Show that there exists a sequence $t \to \infty$ for which $$|\zeta (1/2 + it)|^2 \geq \frac{\log(t)}{\log\log(t)}$$
Hint : Look at $\lim_{T \to \infty}{\frac{1}{2T}\int_{-T}^{T}{|\zeta(\sigma+it)|^2 dt}}$
I have some sort of ideas but haven't managed to make them work.
I guess the arguments should be something like this :
If $\mu$ is a Radon measure then
$$\lim_{T \to \infty}{\frac{1}{2T}{\int_{-T}^{T}{|\hat{\mu}|^2(t)dt} }} =\sum_{t\in\mathbb{R}}{|\mu(\{t\})|^2}$$
So that we find
$$\lim_{T \to \infty}{\frac{1}{2T}{\int_{-T}^{T}{|\zeta(\sigma+it)|^2(t)dt} }} =\sum_{n=1}{(\frac{1}{n^\sigma})^2} =\zeta(2\sigma)$$
So basically when $\sigma = 1/2$ the limit goes to $\infty$.

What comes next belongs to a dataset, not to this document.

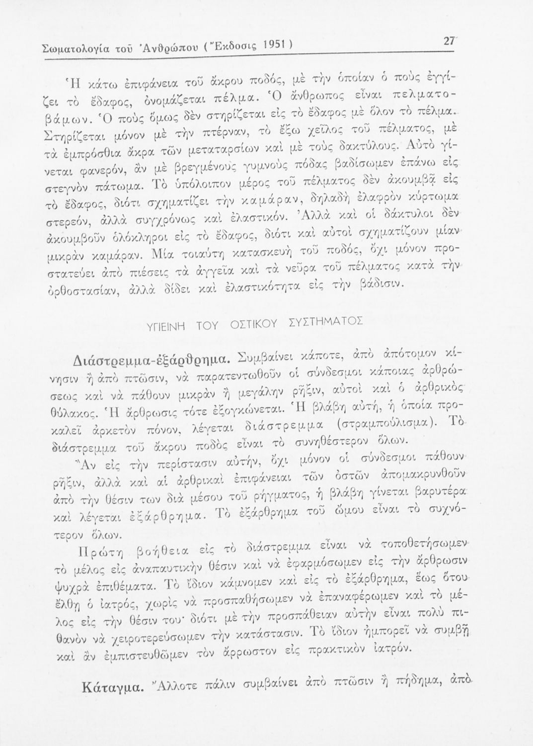 245 0# _aΣωματολογία του ανθρώπου μετά στοιχείων υγιεινής για την Ε΄ τάξιν των Εξαταξίων Γυμνασίων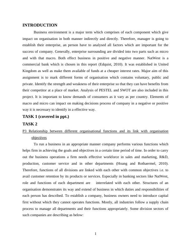 This report provides a comprehensive analysis of the business environment, focusing on NatWest Bank. It begins with an introduction to the concept of the business environment and its impact on organizations, followed by an examination of the relationship between different organizational functions and their alignment with organizational objectives. The report then delves into the positive and negative impacts of the macro environment, utilizing PESTLE analysis to assess political, economic, social, technological, environmental, and legal factors. Furthermore, it includes internal and external analysis to identify the bank's strengths and weaknesses, linking these findings to external factors. The report explores the interrelation between internal strengths and weaknesses with external factors, providing a detailed understanding of the bank's position within its environment and concludes with references. The report is structured to provide insights into the bank's operations, strategic planning, and ability to navigate the complexities of the business world, contributing to the broader understanding of business management and the banking sector.

I think that if there wasn't such a sequence then the limit should go to $\infty$ slower than it actually does, but I have no idea about how to show it. Another guess is that if there wasn't such a sequence then one would be able to find some bounds on $|\zeta(1/2(1+\epsilon)+it)|^2$ which would led by the previous formula to a bound on $|\zeta(1+\epsilon)| \sim \frac{1}{\epsilon}$ and maybe this bound is clearly not true, to of course if I knew a bound on $|\zeta'(s)|$ around the critical line then it would be very easy to do so, but I don't know anything about such a bound.
The problem is also that I'm working near the critical line where I can't use the classic representation of $\zeta$.

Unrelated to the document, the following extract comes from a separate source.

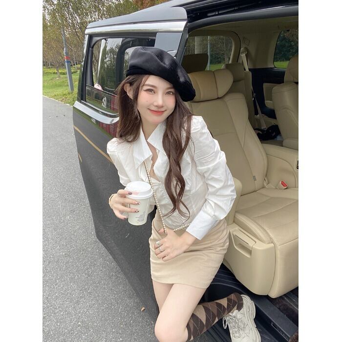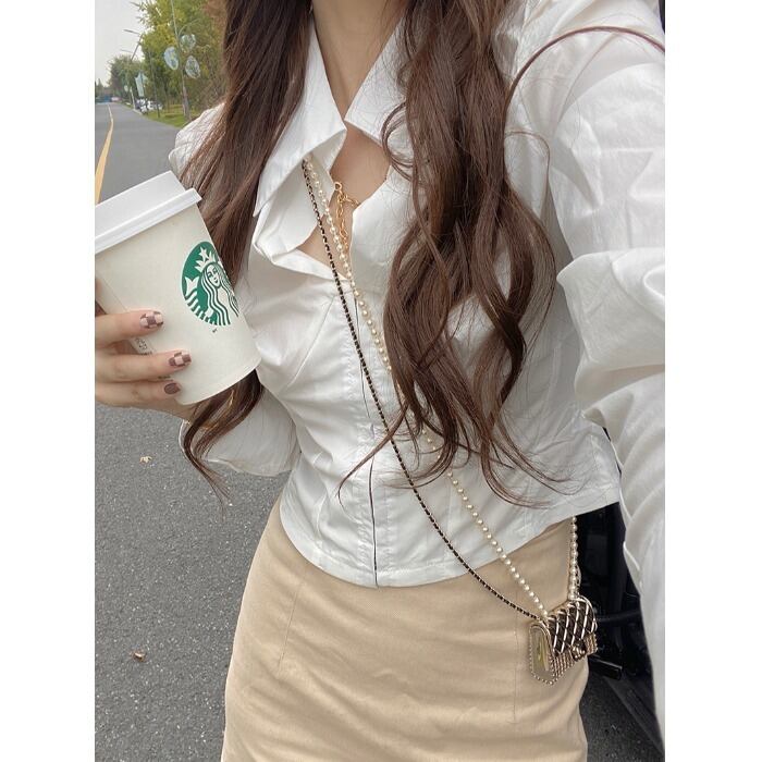プリーツホワイトシャツ オータム薄手ショートトップス 秋物 10/5 秋冬 オータム ウインター ナチュラル mi4640264908500

Note that $\lim_{T \to \infty} \frac{\int_T^{2T}|\zeta(1/2+it)|^2dt}{T\log T}=1$ so for any function $V(t) \to \infty$ monotonically, let $E(T)$ the set of $t\in [T,2T]$ for which $|\zeta(1/2+it)|^2 \ge \frac{\log t}{V(t)}$
Assume that for some large $T$ where $V(T) >10$ and $\frac{\int_T^{2T}|\zeta(1/2+it)|^2dt}{T\log T} >1/2$ we have $m(E(T))=0$ so the complement $F(T)$ has full measure $T$ and $|\zeta(1/2+it)|^2 \le \frac{\log t}{V(t)} \le \frac{\log 2T}{V(T)}$ for $t \in F(T)$. Then $$\frac{1}{2} \le \frac{\int_T^{2T}|\zeta(1/2+it)|^2dt}{T\log T}=\frac{\int_{F(T)}|\zeta(1/2+it)|^2dt}{T\log T} \le \frac{\log 2T}{V(T)\log T} < \frac{\log 2T}{10\log T}$$ so $5 \log T < \log 2+ \log T$ which of course is impossible.

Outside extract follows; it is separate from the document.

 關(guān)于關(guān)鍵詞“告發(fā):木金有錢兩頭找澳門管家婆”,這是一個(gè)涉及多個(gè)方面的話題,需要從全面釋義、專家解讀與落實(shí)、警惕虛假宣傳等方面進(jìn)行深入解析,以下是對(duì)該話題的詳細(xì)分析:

Hence for all large enough $T$ we have $m(E(T))>0$ so there is $t_V \in [T, 2T]$ st $|\zeta(1/2+it_V)|^2 \ge \frac{\log t}{V(t)}$
Choosing $V=\log \log, t_N=t_{\log \log}$ for the intervals $[3^N, 2\times 3^N]$ which are disjoint, gives us the result.
Note that it is a nontrivial Theorem of Selberg that $|\zeta(1/2+it)| \ge e^{(\log \log t)^{1/2-\epsilon}}$ about half the time in $[T,2T]$ and of course $|\zeta(1/2+it)| \le e^{-(\log \log t)^{1/2-\epsilon}}$ the other half the time (so on the critical line $|\zeta|$ is almost always either very large or very small), while pretty much within $1$ of any $t \in [T,2T]$ there are values $|\zeta(1/2+iu)|>(\log T)^{1-\epsilon}$. Both the above results are proven essentially by a (considerably more elaborate) argument similar to the above.